Google’s searches on mobile devices will overtake desktop searches by May 4, 2014, 12 billion online videos are uploaded to YouTube every month and 75% of shoppers now expect a personal experience online.

“Fast, unpredictable change is a certainty,” said Sinclair.

While dealers may be aware of consumers ‘double screening’, Sinclair said businesses today have to think about six screens – desktop, mobile, tablet, TV, wearable technology and car infotainment displays.

How can businesses cope with the pace of change?

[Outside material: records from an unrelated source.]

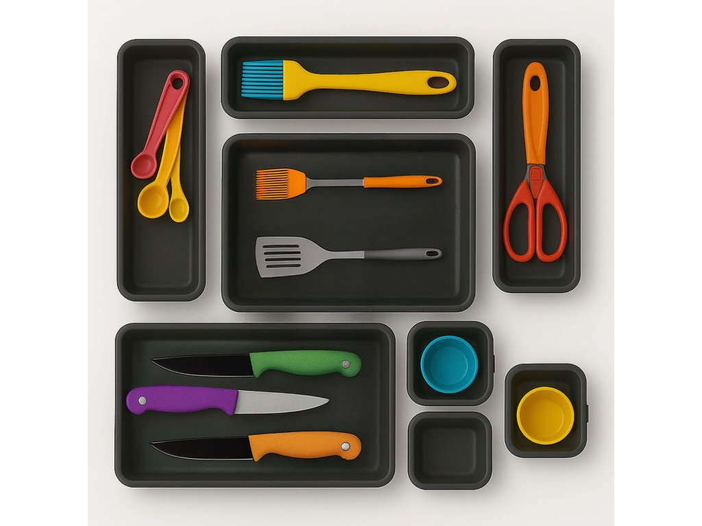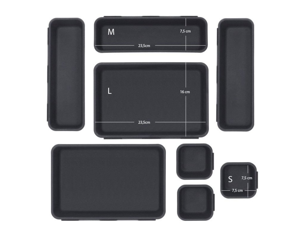 - 3x organizér veľkosti S: 7,5x7,5x4,5 cm
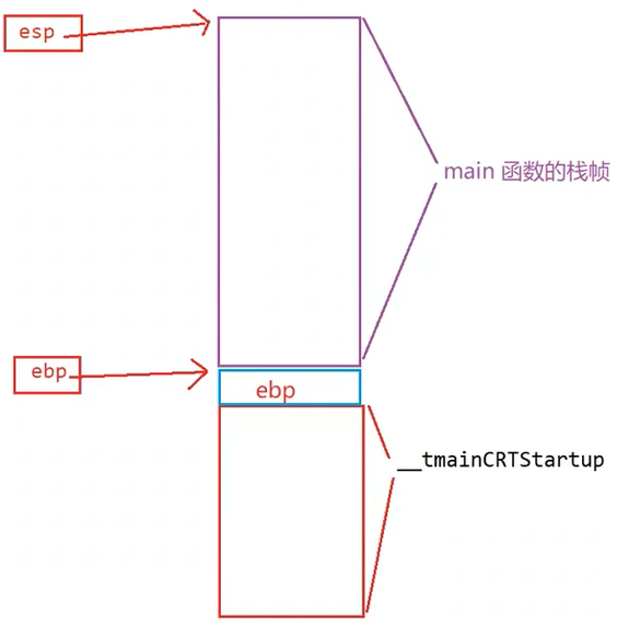 调用main函数之前,esp,ebp在维护_tmainCRTStartup的函数栈帧
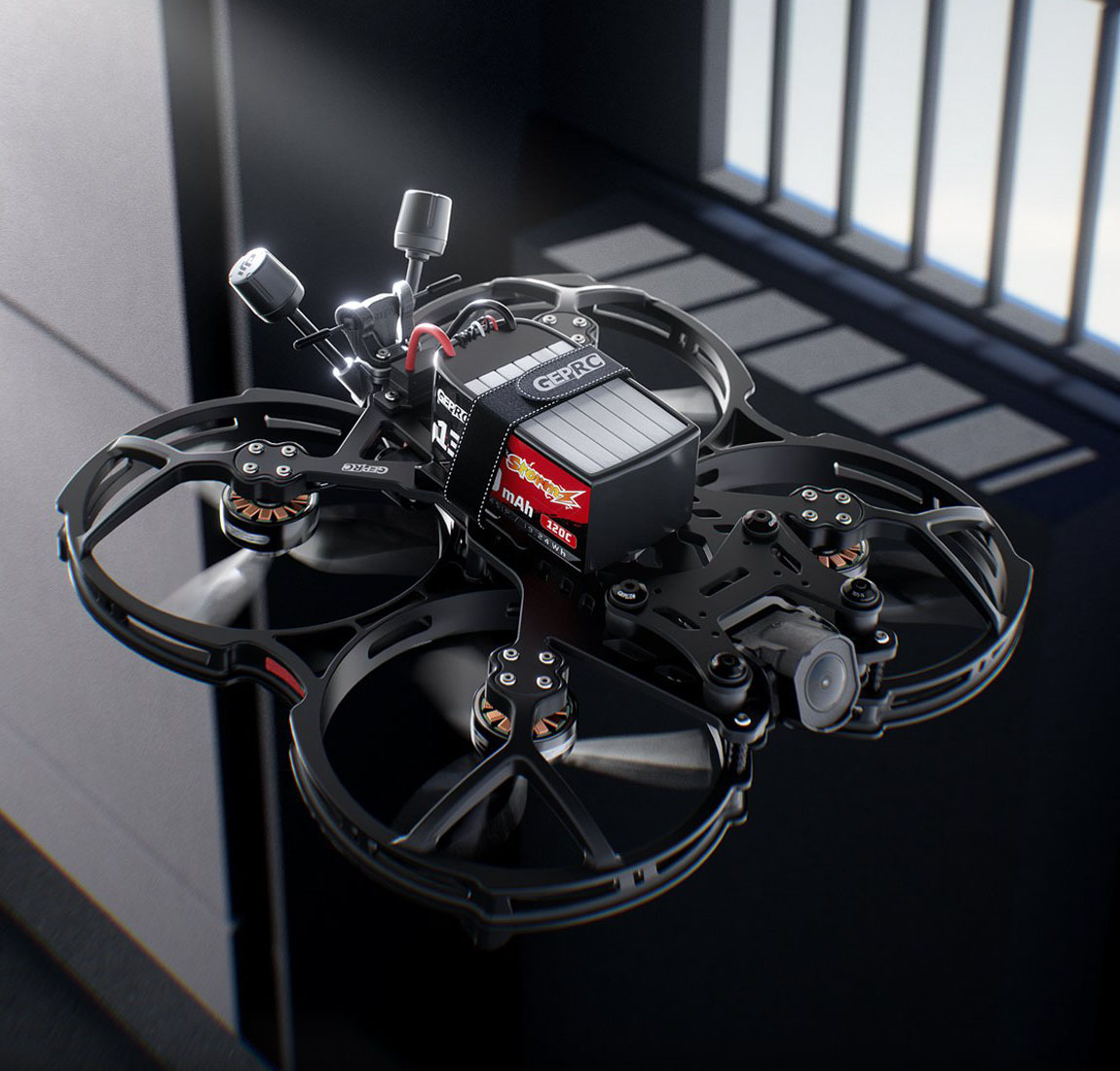 - Мощная силовая установка (6S): Оснащён новыми моторами SPEEDX2 2105.5 2650KV и пропеллерами HQProp D-T90MM. В связке с полетным контроллером GEP-F722-45A AIO V2 дрон обладает взрывной тягой и отличной управляемостью.
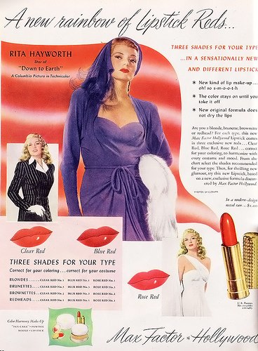 Figure 42. “A New Rainbow of Lipsticks Reds…” 1940s Max Factor advertisement. Accessed from http://4.bp.blogspot.com/-wJ1uftrbofM/ULemej1rdbI/AAAAAAAABH4/X4L1QeAirq8/s1600/314990_459185830782659_1555191842_n.jpg

“Businesses that adapt quickly and win the moments that matter will be the ones that can cope the best,” Sinclair said.

He gave examples outside of the automotive industry. One was Netflix, which saw that 23% of its customers were watching on a mobile device, so made sure it developed for a mobile audience. It also tracked settings for people’s preferences for content and knew there was a place in the market for a political drama.

“Netflix commissioned a £60 million television series called House of Cards without a pilot, basing their decision on big data,” said Sinclair. A second series has just been commissioned.

Tesco and Nike are examples of companies diversifying from their traditional comfort zones. Tesco has gone from selling groceries to selling its own tablet computer device with the Hudl and Nike is now producing wearable technology, such as the FuelBand fitness tracker.

Supermarket chain Morrisons developed a wine taste test profile for every bottle of wine it sells online. It helps customers who are not experts determine which wine they might like with a set of intuitive indicators, such as whether you like salty or sweet foods.

Sinclair said: “These companies are changing what they do to keep pace and even exceed it.”

Marketing teams also have to change how they think about advertising. Stories and viral videos are more memorable than ever and they are no longer constrained by 30-second slots on television.

Sinclair gave Virgin America’s safety video as an example. Safety videos on flights are usually unengaging, but Virgin created a choreographed song and dance routine to bring the safety video alive.

Not only has Virgin seen a higher level of engagement from passengers, it’s also had nearly nine million views on YouTube.